▶ **Action item**
Write out the opening lines of the data word for word, up to and including the line with "Visitors have fun", and leave every picture and every later line out.

(Records from a collection)
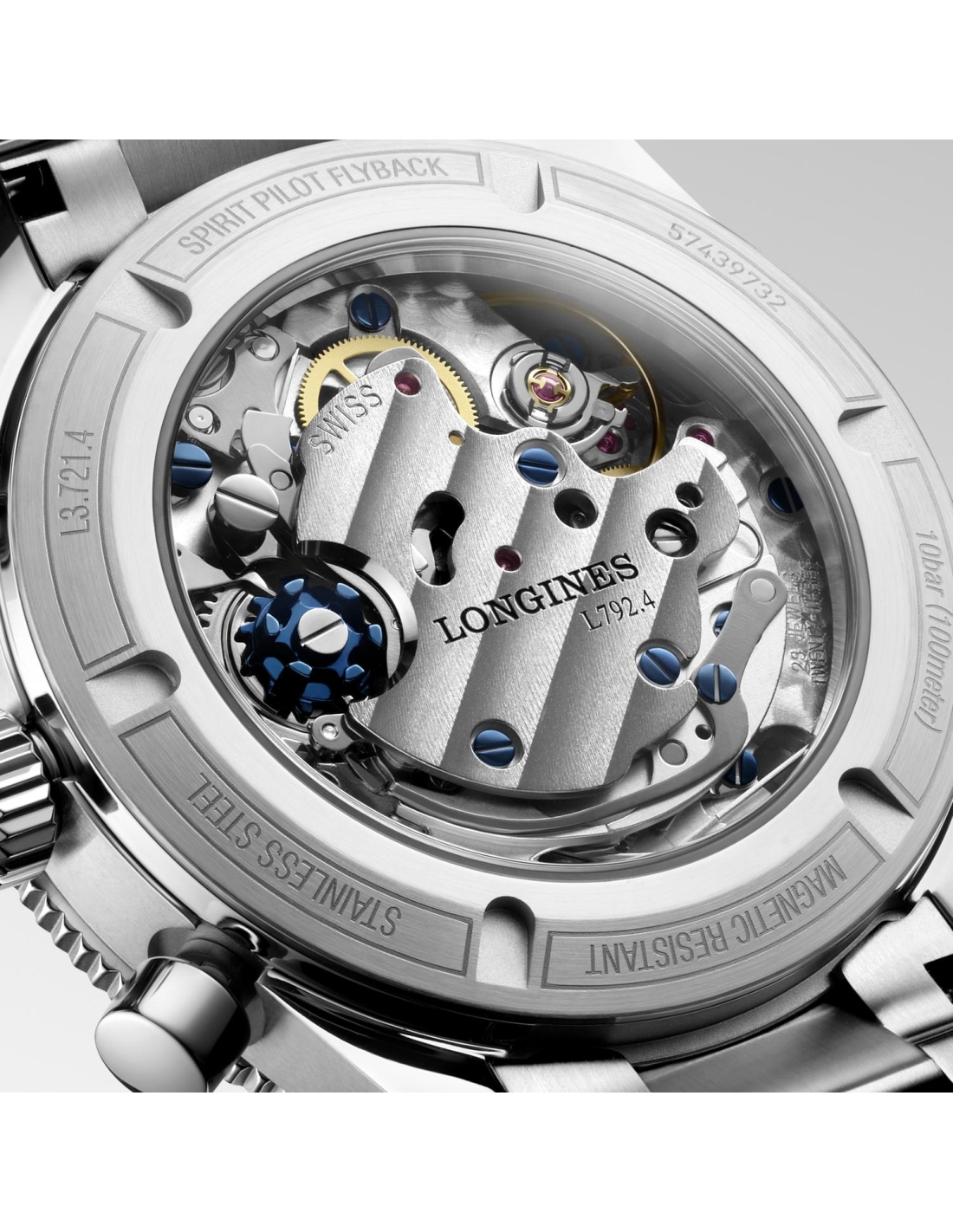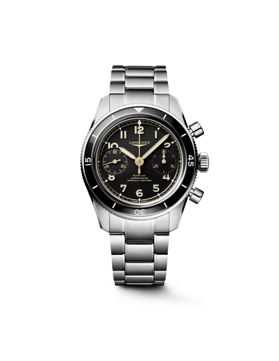 LONGINES SPIRIT PILOT FLYBACK, L3.721.4.53.6, orologio manuale, diam. 39.50 mm, acciaio inossidabile e lunetta in ceramica. Cronografo flyback, movimento meccanico a carica manuale che batte a 28.800 alternanze all’ora, con una riserva di carica di circa 68 ore. Lunetta girevole bidirezionale, impermeabile fino a 10 bar, vetro zaffiro antigraffio con trattamento antiriflesso multistrato su entrambi i lati. Quadrante nero mat, swiss super-luminova. Bracciale in acciaio inossidabile, con doppia chiusura deployante di sicurezza con sistema di microregolazione.
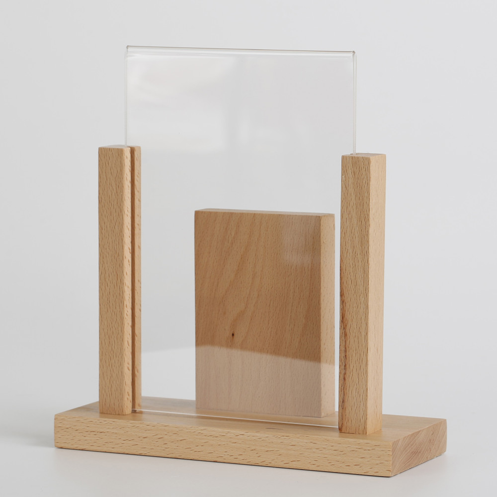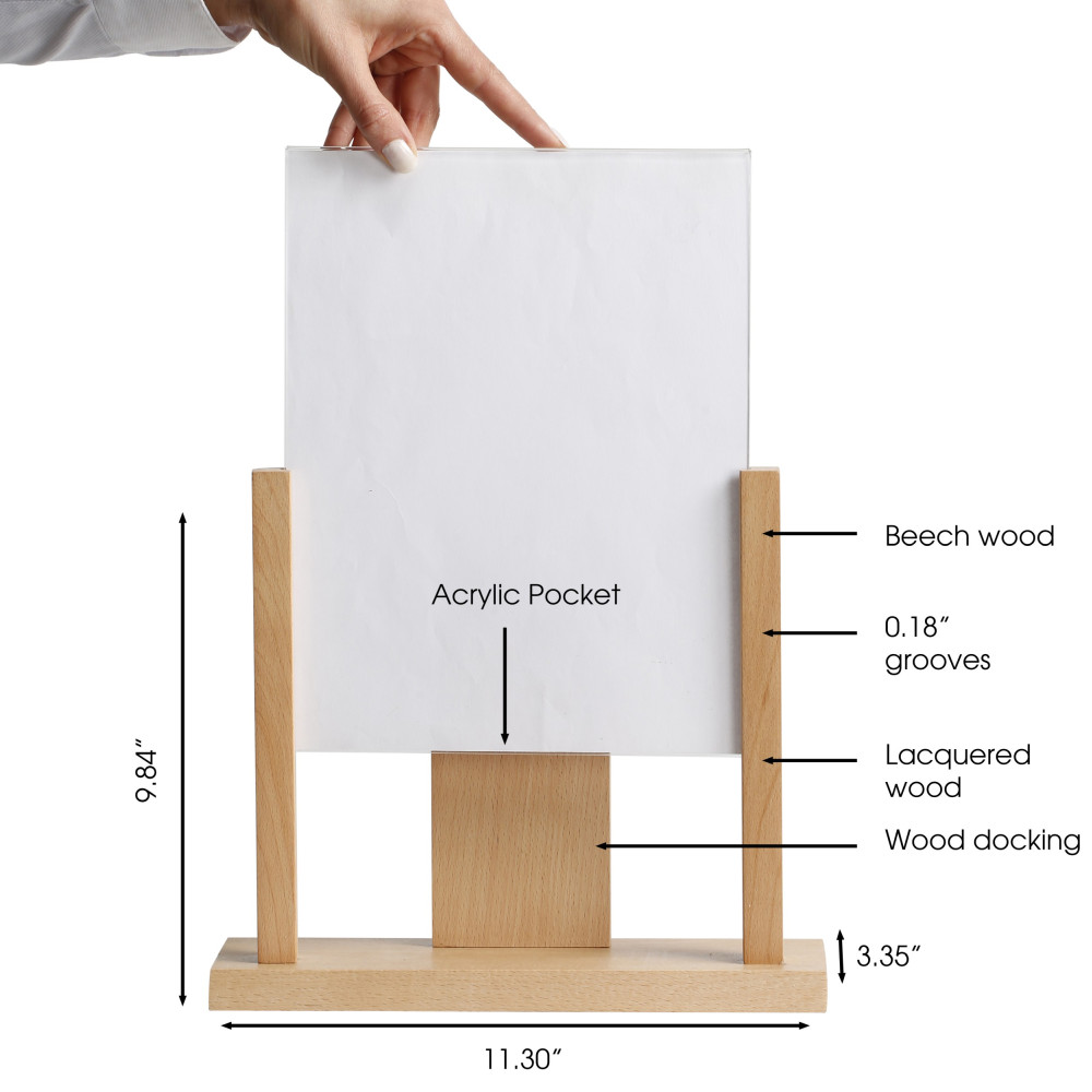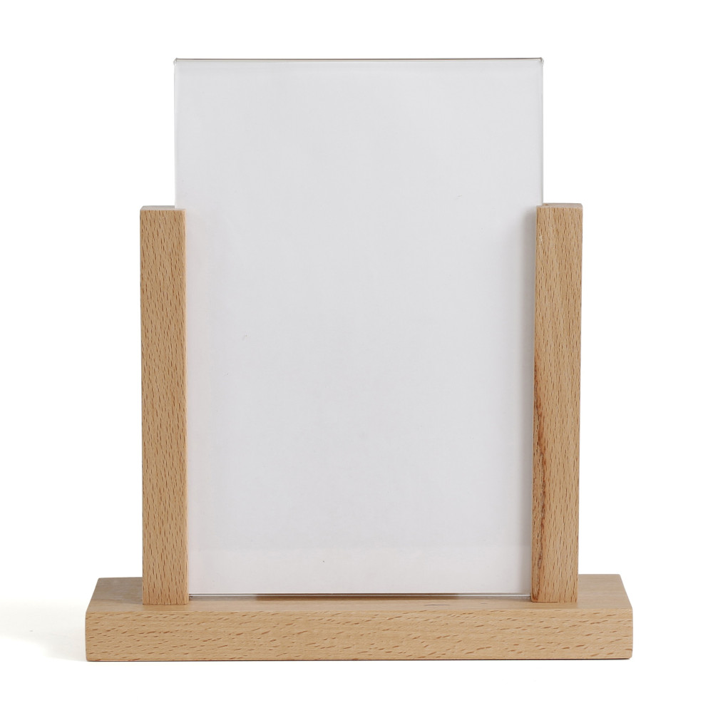 Natural Wood Duo Straight Desktop Menu Holder with Acrylic U-Type Pocket (2 Pack, 8.5×11) – Elegant Display Stand for Restaurants and Offices
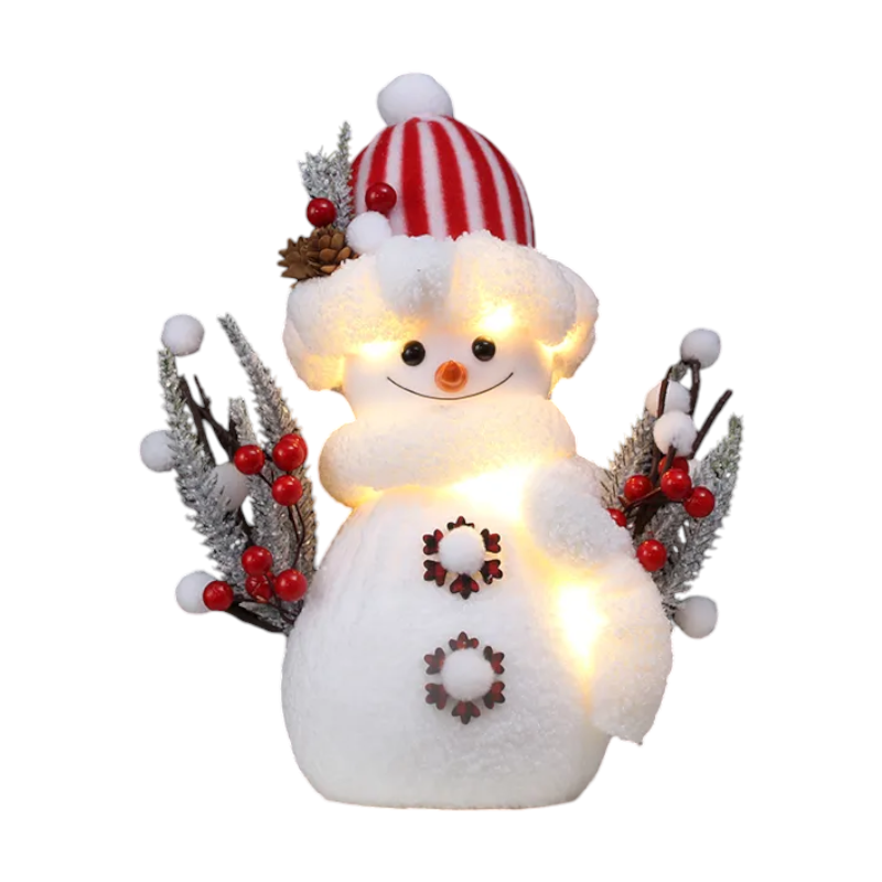 Χριστουγεννιάτικο επιτραπέζιο διακοσμητικό Χιονάνθρωπος με ατμοσφαιρικό φωτισμό LED και υπέροχες σχεδιαστικές λεπτομέρειες. Μπορεί να τοποθετηθεί κάτω από το δέντρο σας ή σε οποιαδήποτε επιφάνεια, προσφέροντας μια χαριτωμένη γιορτινή νότα σε κάθε χώρο. Ετοιμαστείτε να υποδεχτείτε την περίοδο των γιορτών με με στιλ και να γεμίσετε τις στιγμές σας με λάμψη και θαλπωρή.
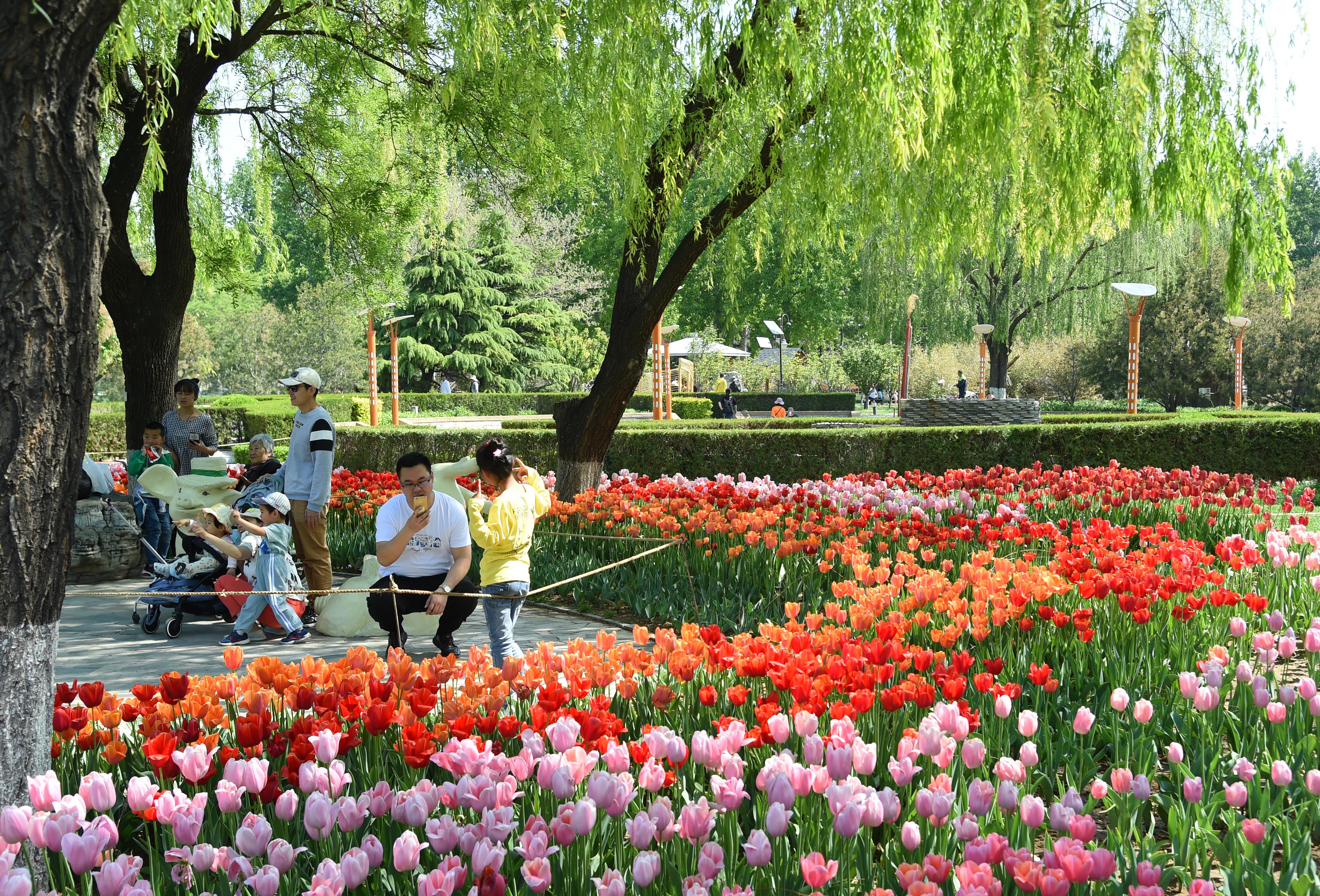 Visitors have fun amid tulip flowers in Beijing Garden of World's Flowers in Fengtai District in Beijing, capital of China, May 2, 2019, during the Labor Day national holiday. (Xinhua)
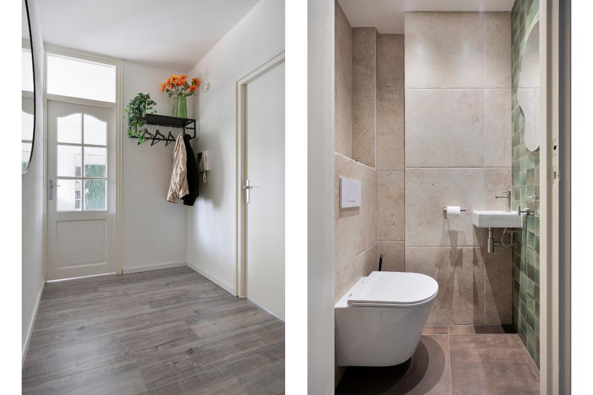 Entree / Hal Bij binnenkomst valt direct de frisse, lichte uitstraling van de hal op. De ruimte is afgewerkt met een moderne vloer die mooi doorloopt richting de overige vertrekken, wat zorgt voor een rustige en verzorgde uitstraling. De wanden zijn netjes en er is voldoende plaats voor een garderobe. Vanuit de hal zijn de woonkamer, slaapkamers en toiletruimte bereikbaar. Ook bevindt zich hier een praktische vaste kast voor extra opbergruimte. De glasdeur richting de woonkamer zorgt voor prettige lichtinval en een uitnodigende doorkijk naar het leefgedeelte. Toiletruimte De toiletruimte is in 2024 volledig vernieuwd en uitgevoerd in een moderne, luxe stijl. De combinatie van grote neutrale wandtegels en de groengetinte accenttegels geeft de ruimte een warme en eigentijdse uitstraling. Het toilet is voorzien van een wandcloset en een strak vormgegeven fontein.
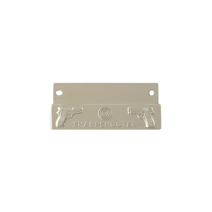 Quality Sharpshooter marksmanship bar holder. This stunning bar holder has Sharpshooter and a target with two pistols in the die. The holder holds a bar that is at least 1-5/8" (1.625") wide as that is the distance between the two holes for the nails.
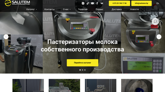 | AI-анализ | This online resource is dedicated to the production of high-quality equipment for the maintenance and milking of calves, as well as equipment for dairy farms. The title is 'SALUTEM — производитель оборудования для молочных ферм' and the description is 'Производство качественной продукции для содержания и выпойки телят, а также оборудования для молочных ферм'. Keywords include 'salutem', 'calves', 'catalog', 'equipment', 'us', 'contacts', '375', 'taxi', 'Minsk', 'salutem', 'equipment', 'warranty', 'service', 'delivery', 'milk'. The top words are 'salutem' (25 times), 'calves' (19), ' |
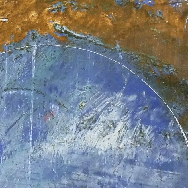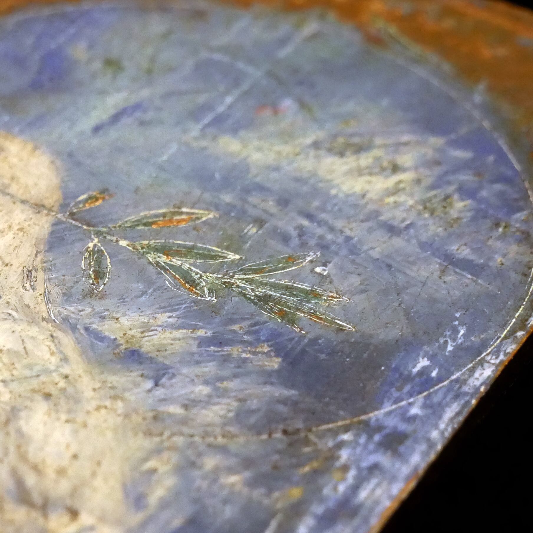 絵を描け上げてからヤスリで削って下層の絵具を出したり、ニードルで引っ掻いたりと古い風合いを目指しました。
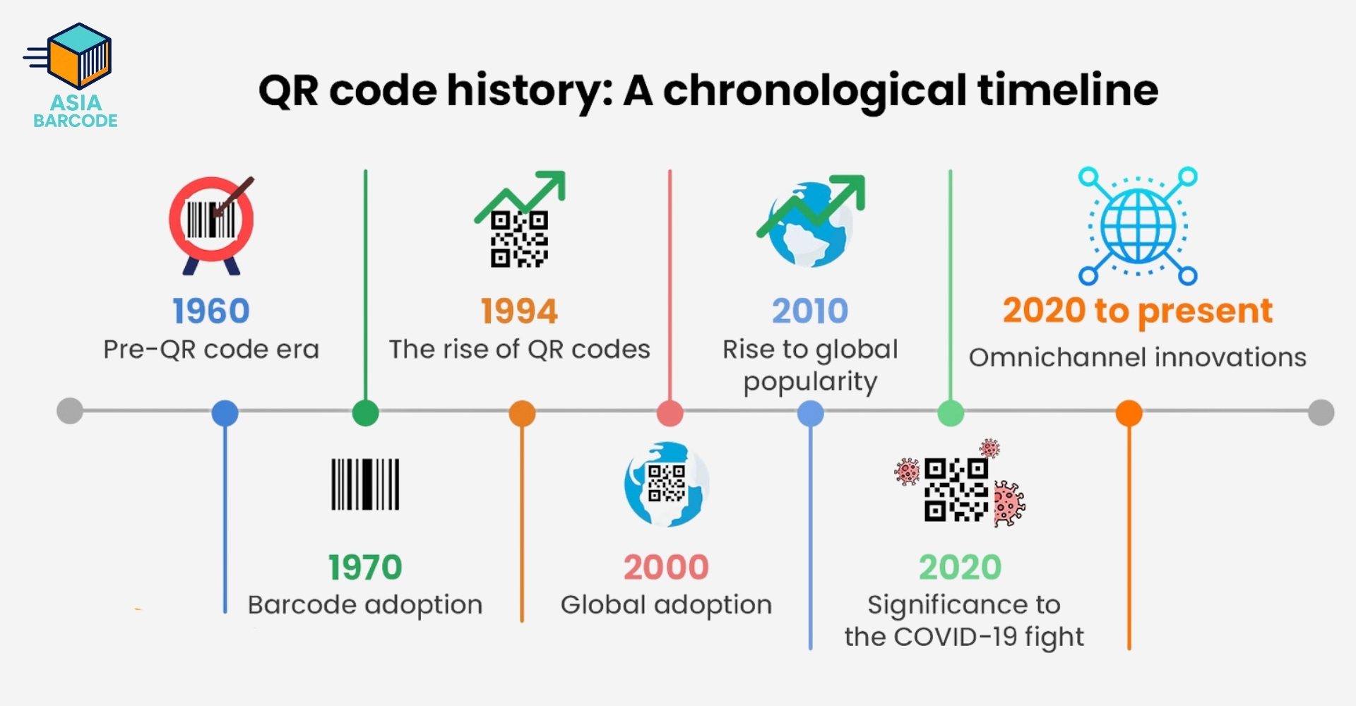 - 1994: QR Code ra đời, tập trung vào tốc độ quét và khả năng lưu trữ lớn

▶ **Completed task**
 LONGINES SPIRIT PILOT FLYBACK, L3.721.4.53.6, orologio manuale, diam. 39.50 mm, acciaio inossidabile e lunetta in ceramica. Cronografo flyback, movimento meccanico a carica manuale che batte a 28.800 alternanze all’ora, con una riserva di carica di circa 68 ore. Lunetta girevole bidirezionale, impermeabile fino a 10 bar, vetro zaffiro antigraffio con trattamento antiriflesso multistrato su entrambi i lati. Quadrante nero mat, swiss super-luminova. Bracciale in acciaio inossidabile, con doppia chiusura deployante di sicurezza con sistema di microregolazione.
 Natural Wood Duo Straight Desktop Menu Holder with Acrylic U-Type Pocket (2 Pack, 8.5×11) – Elegant Display Stand for Restaurants and Offices
 Χριστουγεννιάτικο επιτραπέζιο διακοσμητικό Χιονάνθρωπος με ατμοσφαιρικό φωτισμό LED και υπέροχες σχεδιαστικές λεπτομέρειες. Μπορεί να τοποθετηθεί κάτω από το δέντρο σας ή σε οποιαδήποτε επιφάνεια, προσφέροντας μια χαριτωμένη γιορτινή νότα σε κάθε χώρο. Ετοιμαστείτε να υποδεχτείτε την περίοδο των γιορτών με με στιλ και να γεμίσετε τις στιγμές σας με λάμψη και θαλπωρή.
 Visitors have fun amid tulip flowers in Beijing Garden of World's Flowers in Fengtai District in Beijing, capital of China, May 2, 2019, during the Labor Day national holiday. (Xinhua)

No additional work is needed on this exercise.